> DIRECTIONS
Copy out the data in full and exactly, passing over the pictures.

> THE DATA
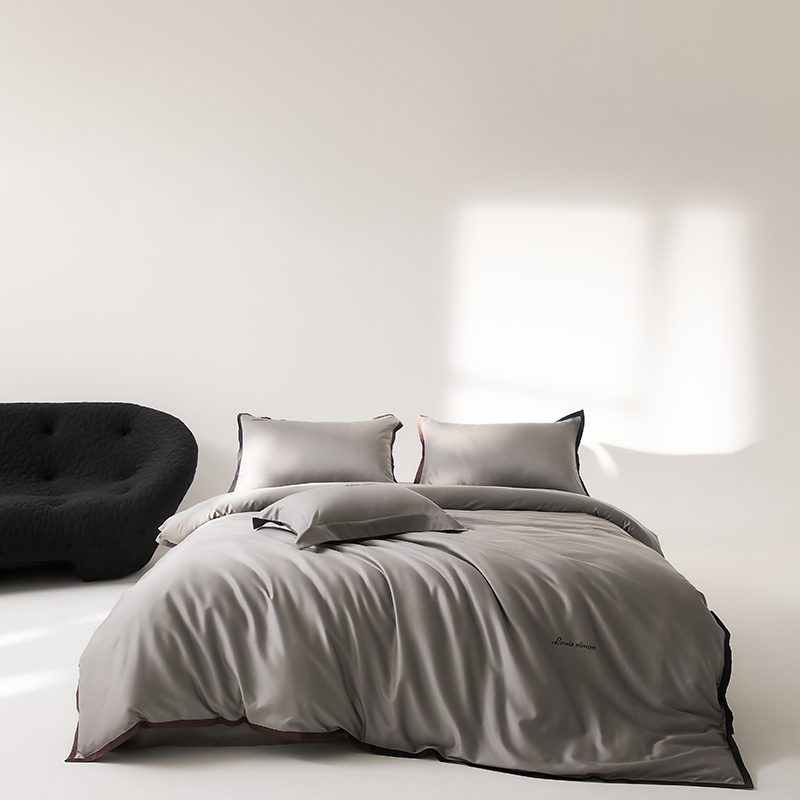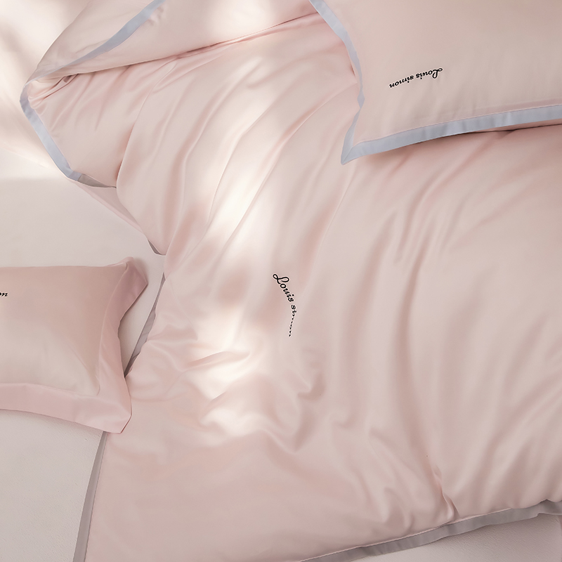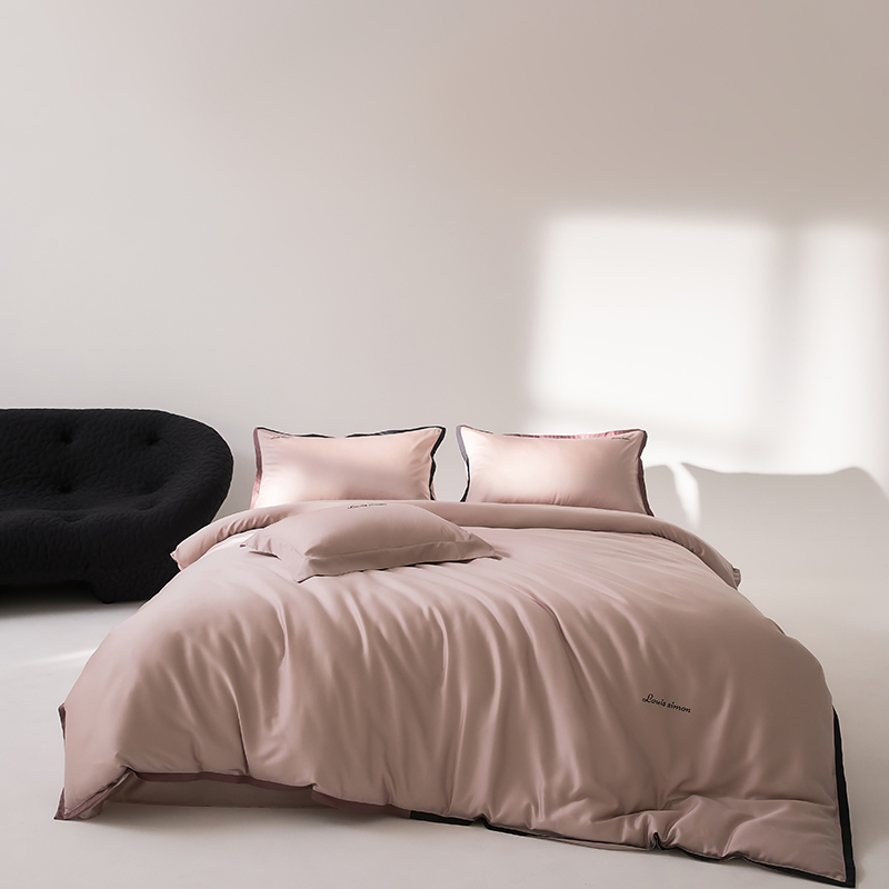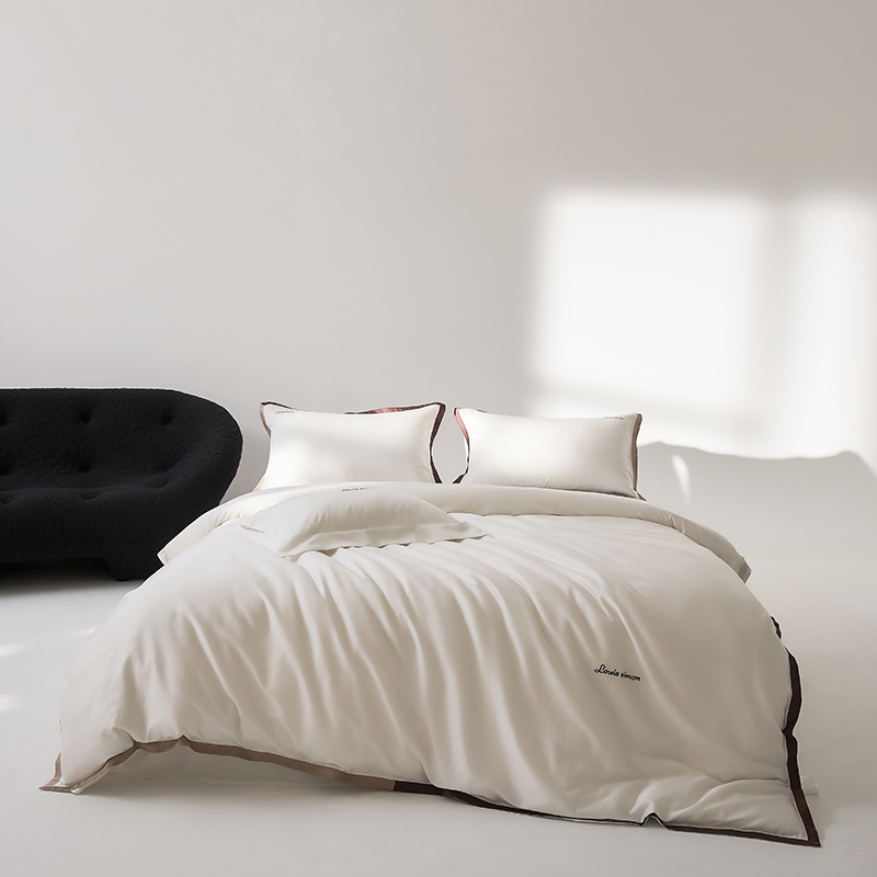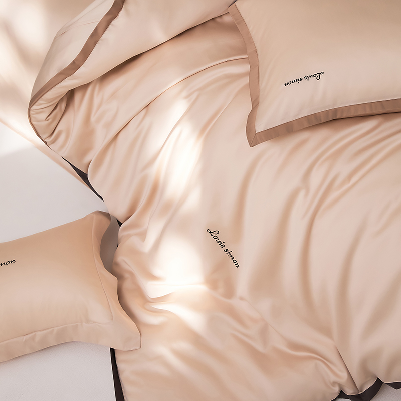 涞澳家纺 2025新款天丝棉双色拼边绣字款四件套-可夏系列 可夏-暖玉
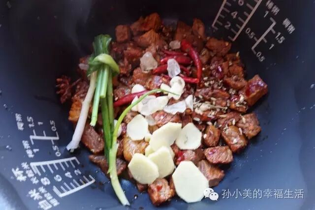 把炒好的牛肉倒进电饭煲或高压锅里,加冰糖。
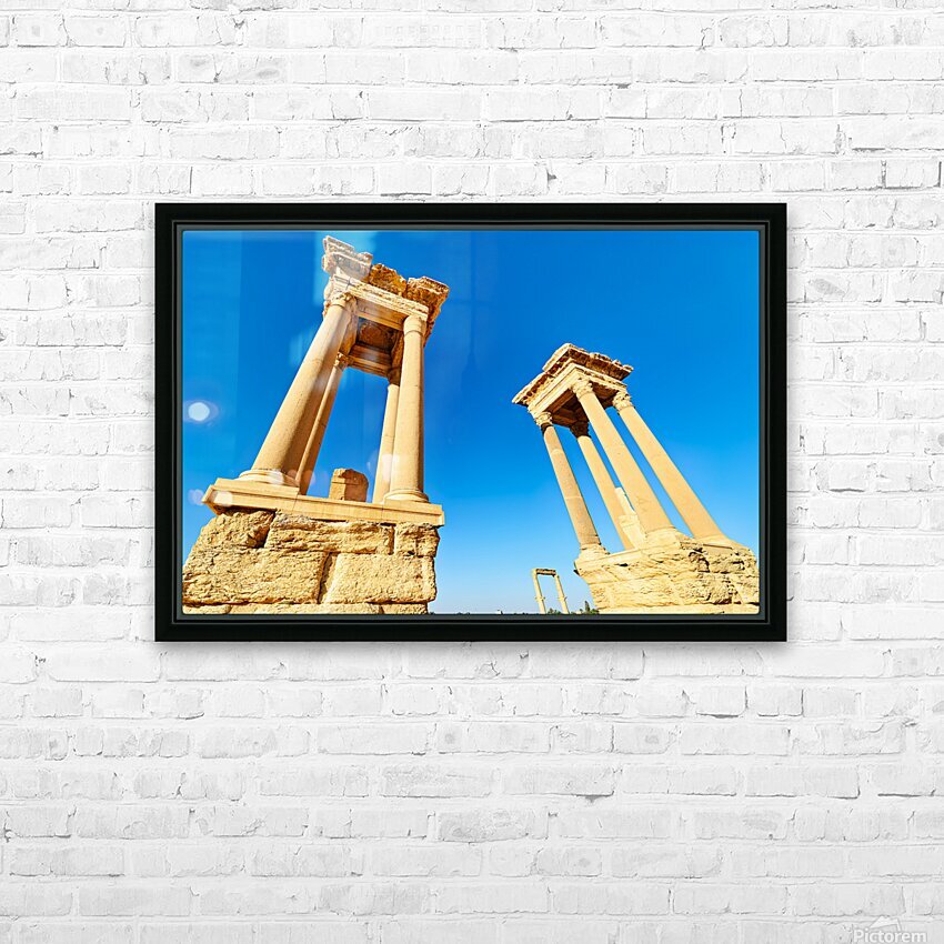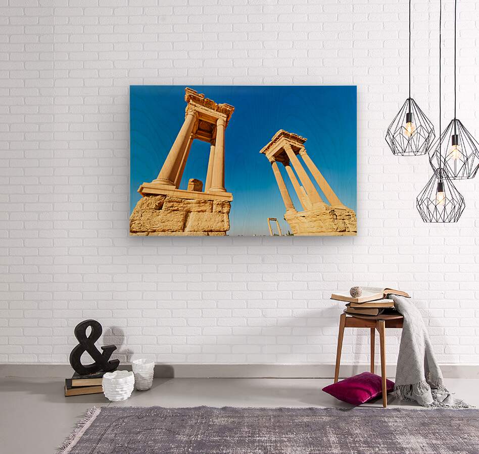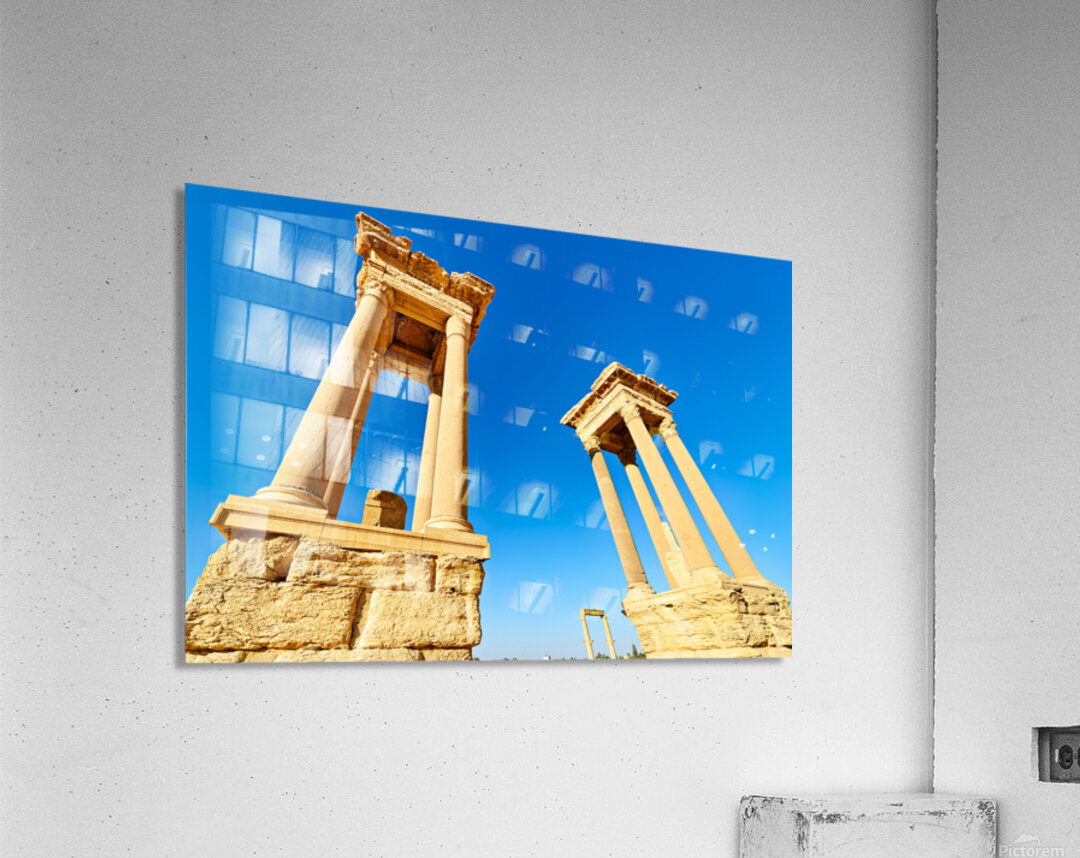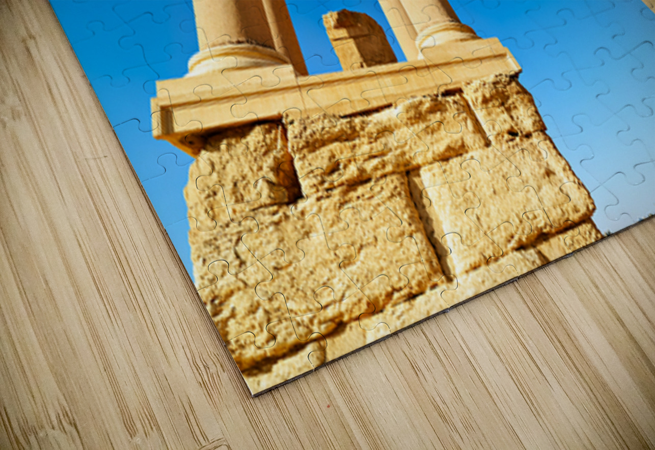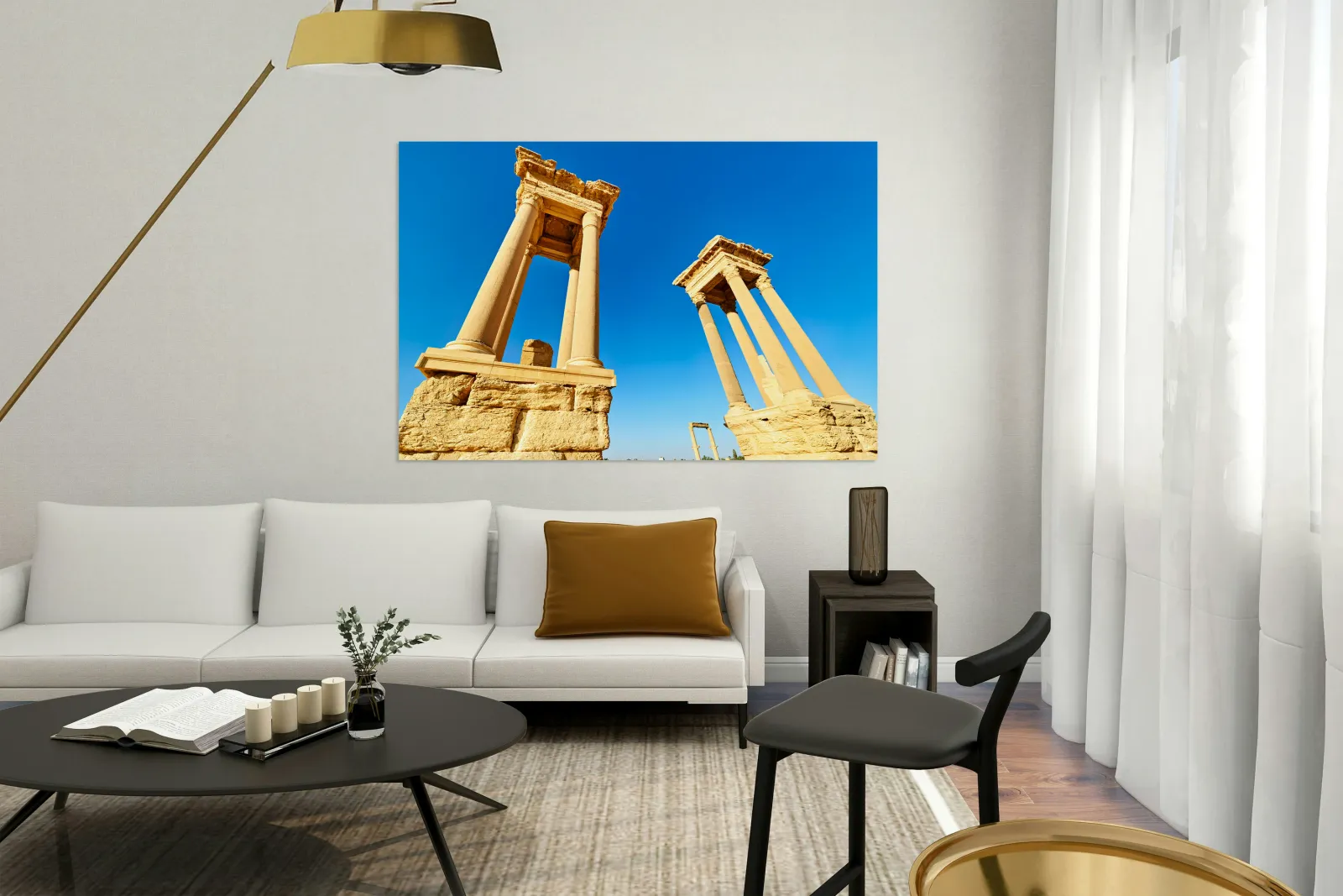 Tall columns stand firm in the ancient city of Palmyra in Syria. Visitors enjoy the impressive architecture and history at the site.

> RESPONSE TO THIS TASK
 涞澳家纺 2025新款天丝棉双色拼边绣字款四件套-可夏系列 可夏-暖玉
 把炒好的牛肉倒进电饭煲或高压锅里,加冰糖。
 Tall columns stand firm in the ancient city of Palmyra in Syria. Visitors enjoy the impressive architecture and history at the site.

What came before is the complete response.